Atualmente, a revolução tecnológica coloca problemas relacionados com os direitos fundamentais (controlo dos trabalhadores através das redes sociais, GPS, telemóvel) pelo que importa fazer intervir os meios de defesa e proteção destes direitos.

O encerramento da Conferência ficou a cargo do Senhor Ministro do Trabalho, Solidariedade e Segurança Social, José Vieira da Silva, que concluiu os trabalhos com um conjunto de ideias-chave: O Futuro do Trabalho comporta uma componente de risco: por um lado, vão surgir novas áreas e atividades que, necessariamente, vão implicar a criação de novos postos de trabalho; por outro, a questão social terá também aqui um importante papel, pois os mercados fazem as suas próprias opções de acordo com antecedentes e respetivo contexto. Devido à globalização, o ritmo da mudança é acelerado. Há um risco real de mudanças laborais, nomeadamente pela quebra do vínculo entre o trabalho e a proteção social. Todos os passos dados nesta direção são perigosos: por um lado, originar-se-á a degradação da proteção social nos países desenvolvidos; por outro, a manutenção do atual estado de coisas nos países subdesenvolvidos. Assim, é necessário reforçar e reinventar a ligação entre trabalho e proteção social.

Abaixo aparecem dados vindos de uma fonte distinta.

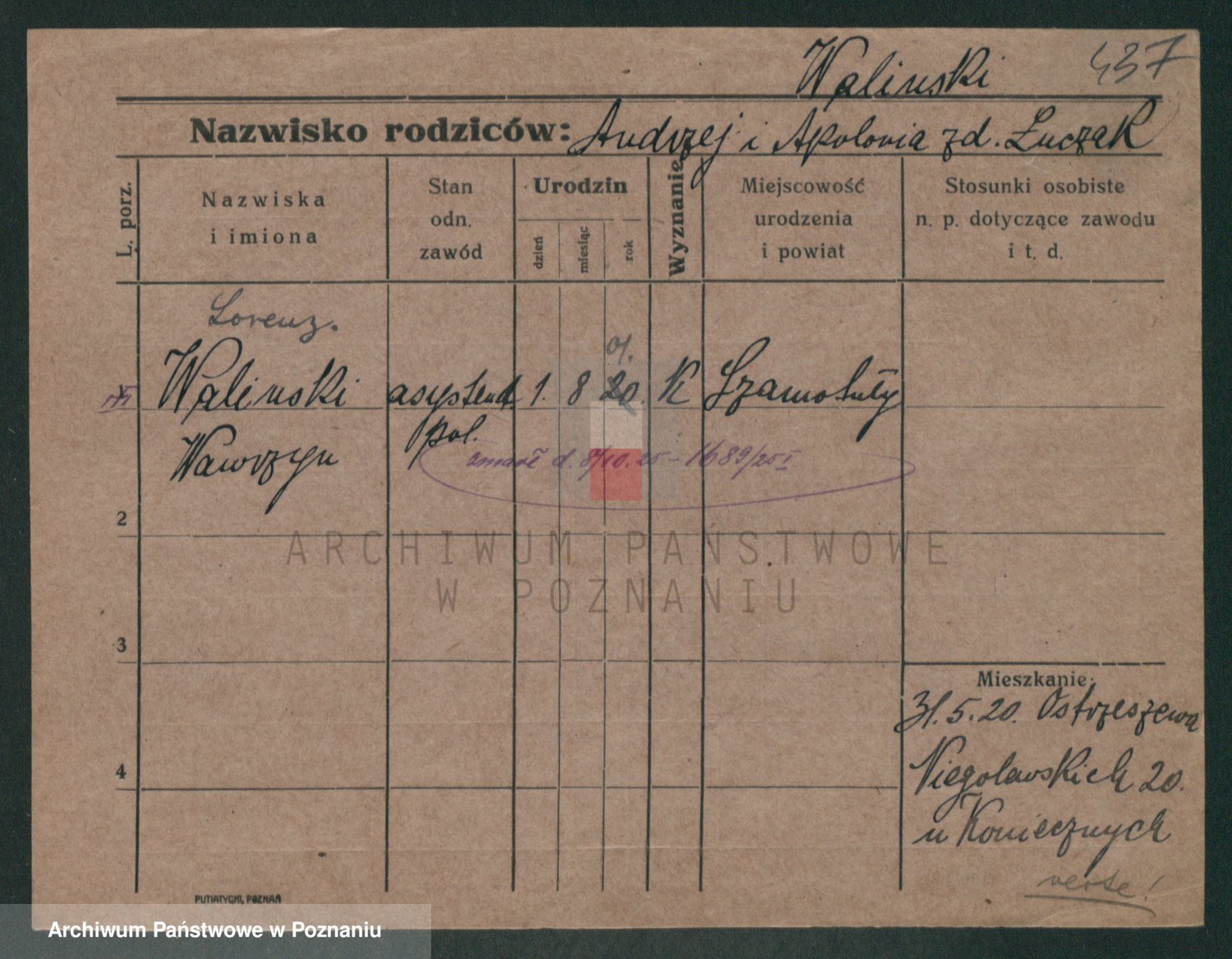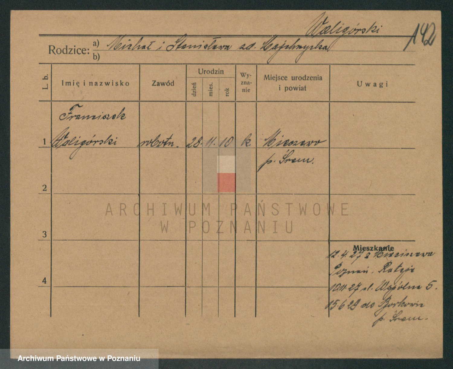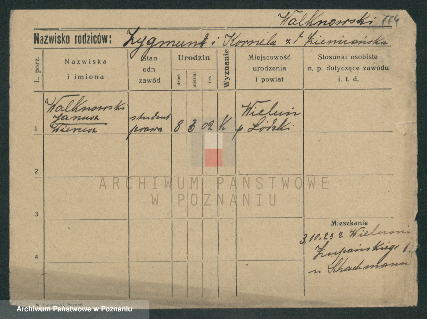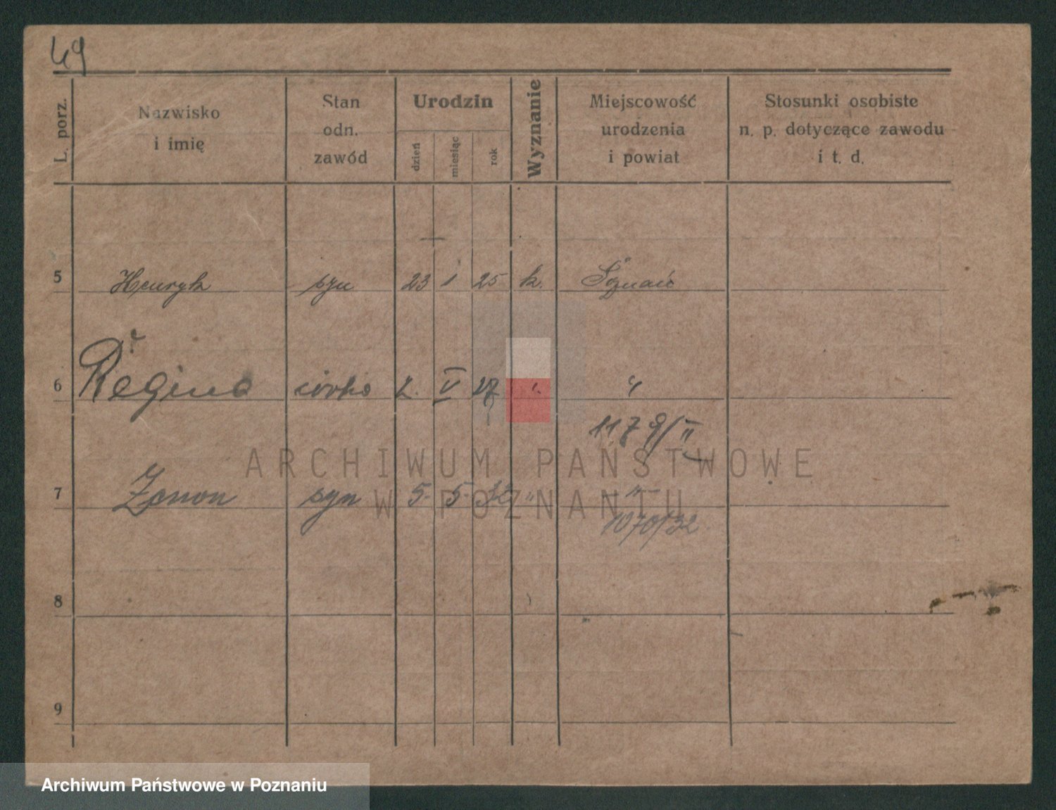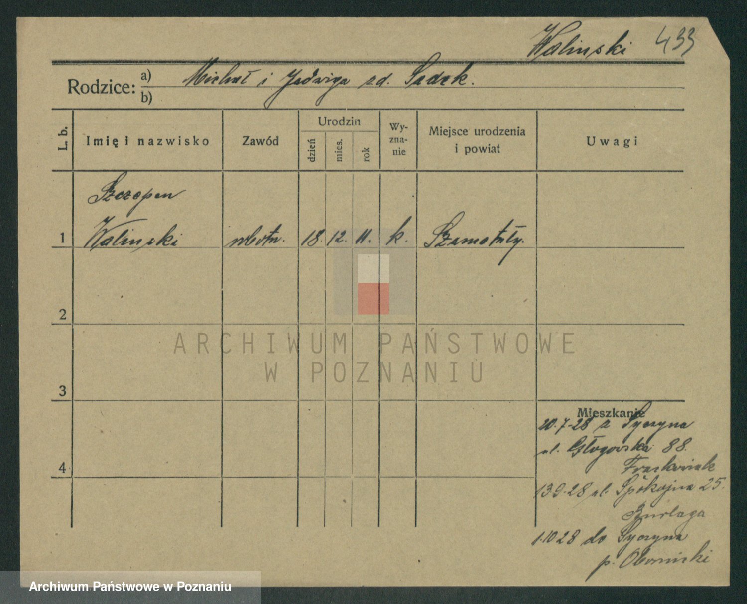 Podgląd karty osobowej dostępny jest po kliknięciu na nazwisko lub ikonkę karty. Można dokonywać powiększenia (ikony na górze) lub przechodzić między kolejnymi skanami (strzałki po bokach).

Neste contexto, a formação inicial é essencial, sendo necessário reanalisá-la e reconfigurá-la. O fundamental é que seja uma formação de elevada qualidade. É um erro dizer que a nossa economia não precisa de flexibilização. No entanto, isso não significa flexibilizar o mercado de trabalho, ou seja, o que se impõe é flexibilidade e não mera facilidade de despedir/contratar. Nesta medida, é necessária uma maior regulação, não se podendo cair numa situação de desformalização. Importa, também, reforçar o Diálogo social.

Contudo, dificilmente se avançará no Diálogo Social se tal tentativa for feita apenas com base em ajustamentos de medidas tomadas no passado, em vez de se focar no futuro. O ajustamento deve ser feito com base no futuro e não com resistência em relação ao avanço, devido a experiências do passado. É necessário contrariar a tendência de individualização das relações de trabalho.

Por fim, terminou com a proposta de replicar o modelo alemão de análise, ou seja, criar em Portugal uma estrutura de reflexão adequada, apoiada pela concertação social.